• WHAT YOU HAVE TO DO
Only one span is wanted from the lines below: from the one with "可怜天下父母心。尽管孩子已经" up to and including the one with "Далее надо вычислить". Copy it exactly, without images.

══ DATASET CONTENT

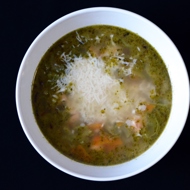 Ladle the soup into bowls, sprinkle it with grated cheese, and serve immediately.
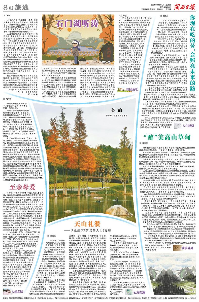 可怜天下父母心。尽管孩子已经长大成人,而且工作了,可在父母的眼里仍然是个孩子,哪怕吃一点苦、受一点累,都舍不得。我告诉亲戚:“不用太担心孩子,他已经长大了,这点苦算不了什么。要让孩子懂得,他现在吃的苦,会照亮未来的路。”
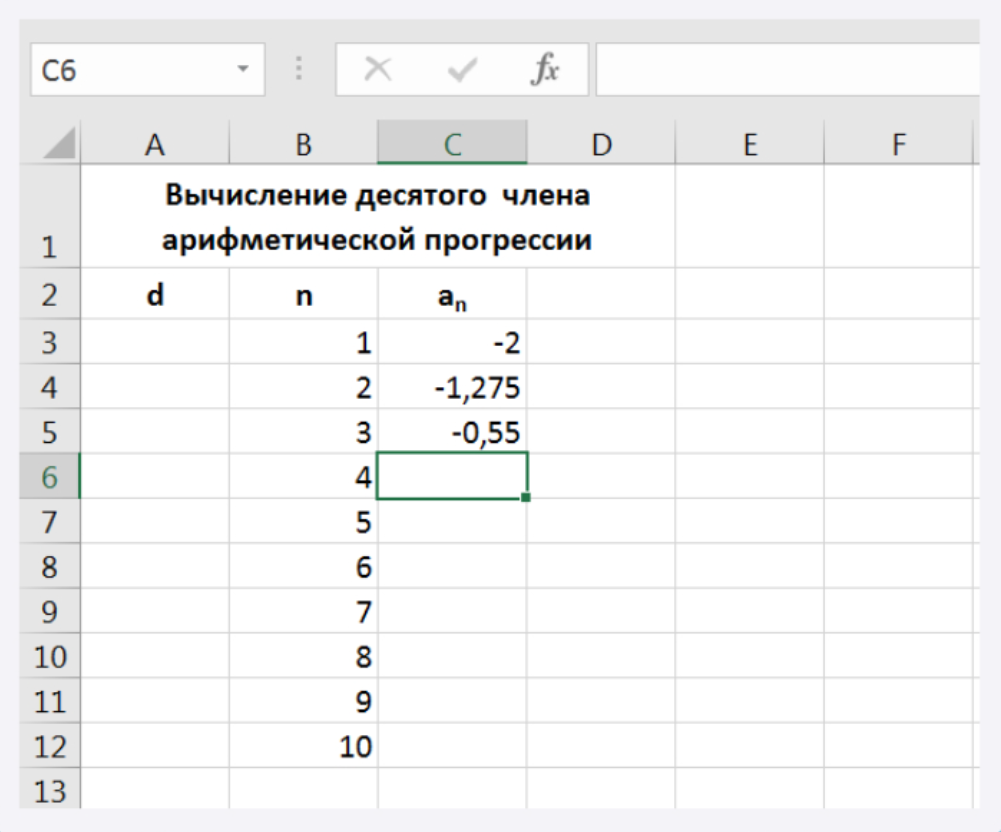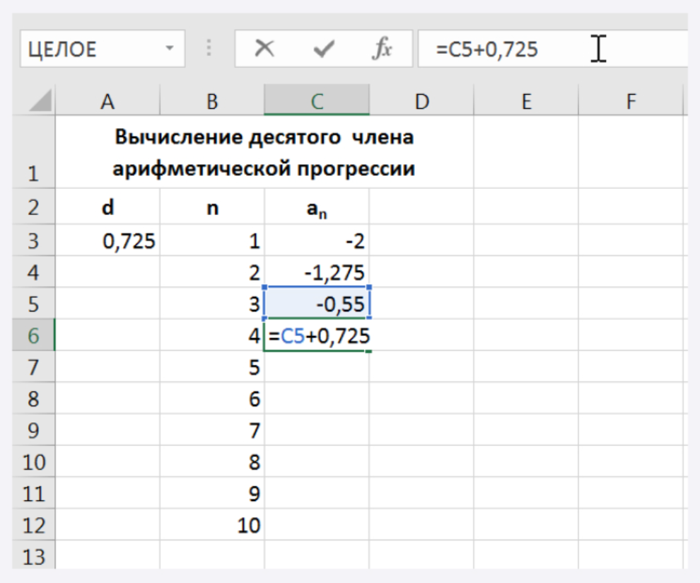 Далее надо вычислить оставшиеся члены прогрессии. Для этого в выделенной ячейке С6 записываем формулу = С5 + 0,725. Установить курсор мыши в правый нижний угол ячейки. Когда курсор примет форму черного крестика (маркер заполнения), нажать на левую кнопку мыши, протянуть маркер заполнения на несколько ячеек вниз.
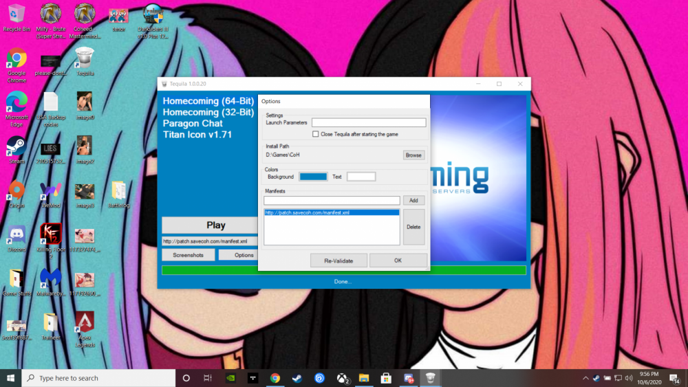 This is the second time after an update i haven't been able to connect can someone help me. All the files are in the right spot but this keeps giving me the " Wrong game version, run patcher and reconnect, server 20201124_3403, client 20201107_3213" . Ive tried patching and re-validate and nothings working. My logs: [11/24/2020 10:12:46 AM] Loading application. [11/24/2020 10:12:46 AM] Load application complete. [11/24/2020 10:12:46 AM] Started patching [11/24/2020 10:12:46 AM] Attempting to download Manifest file "http://patch.savecoh.com/manifest.xml" [11/24/2020 10:12:47 AM] Manifest downloaded successfully, starting to process it. [11/24/2020 10:12:47 AM] Starting self-patch process. [11/24/2020 10:12:47 AM] Self patching process complete. [11/24/2020 10:12:48 AM] Loading Web Browser URL to: "https://patch.savecoh.com/homecoming.html" [11/24/2020 10:12:49 AM] Finished patching. [11/24/2020 10:12:57 AM] User clicked play with the following profile: Homecoming (64-Bit) [11/24/2020 10:13:35 AM] User clicked to open Options window [11/24/2020 10:13:49 AM] User clicked to open Options window [11/24/2020 10:13:50 AM] Revalidation process started [11/24/2020 10:13:50 AM] Started patching [11/24/2020 10:13:50 AM] Attempting to download Manifest file "http://patch.savecoh.com/manifest.xml" [11/24/2020 10:13:50 AM] Manifest downloaded successfully, starting to process it. [11/24/2020 10:13:50 AM] Starting self-patch process. [11/24/2020 10:13:50 AM] Self patching process complete. [11/24/2020 10:14:46 AM] Finished patching. [11/24/2020 10:14:48 AM] User clicked play with the following profile: Homecoming (64-Bit) [11/24/2020 10:17:13 AM] User clicked to open Options window [11/24/2020 10:17:18 AM] Revalidation process started [11/24/2020 10:17:18 AM] Started patching [11/24/2020 10:17:18 AM] Attempting to download Manifest file "http://patch.savecoh.com/manifest.xml" [11/24/2020 10:17:18 AM] Manifest downloaded successfully, starting to process it. [11/24/2020 10:17:18 AM] Starting self-patch process. [11/24/2020 10:17:18 AM] Self patching process complete. [11/24/2020 10:17:30 AM] Finished patching. [11/24/2020 10:17:33 AM] User clicked play with the following profile: Homecoming (64-Bit)

════

• ANSWER BOX
 可怜天下父母心。尽管孩子已经长大成人,而且工作了,可在父母的眼里仍然是个孩子,哪怕吃一点苦、受一点累,都舍不得。我告诉亲戚:“不用太担心孩子,他已经长大了,这点苦算不了什么。要让孩子懂得,他现在吃的苦,会照亮未来的路。”
 Далее надо вычислить оставшиеся члены прогрессии. Для этого в выделенной ячейке С6 записываем формулу = С5 + 0,725. Установить курсор мыши в правый нижний угол ячейки. Когда курсор примет форму черного крестика (маркер заполнения), нажать на левую кнопку мыши, протянуть маркер заполнения на несколько ячеек вниз.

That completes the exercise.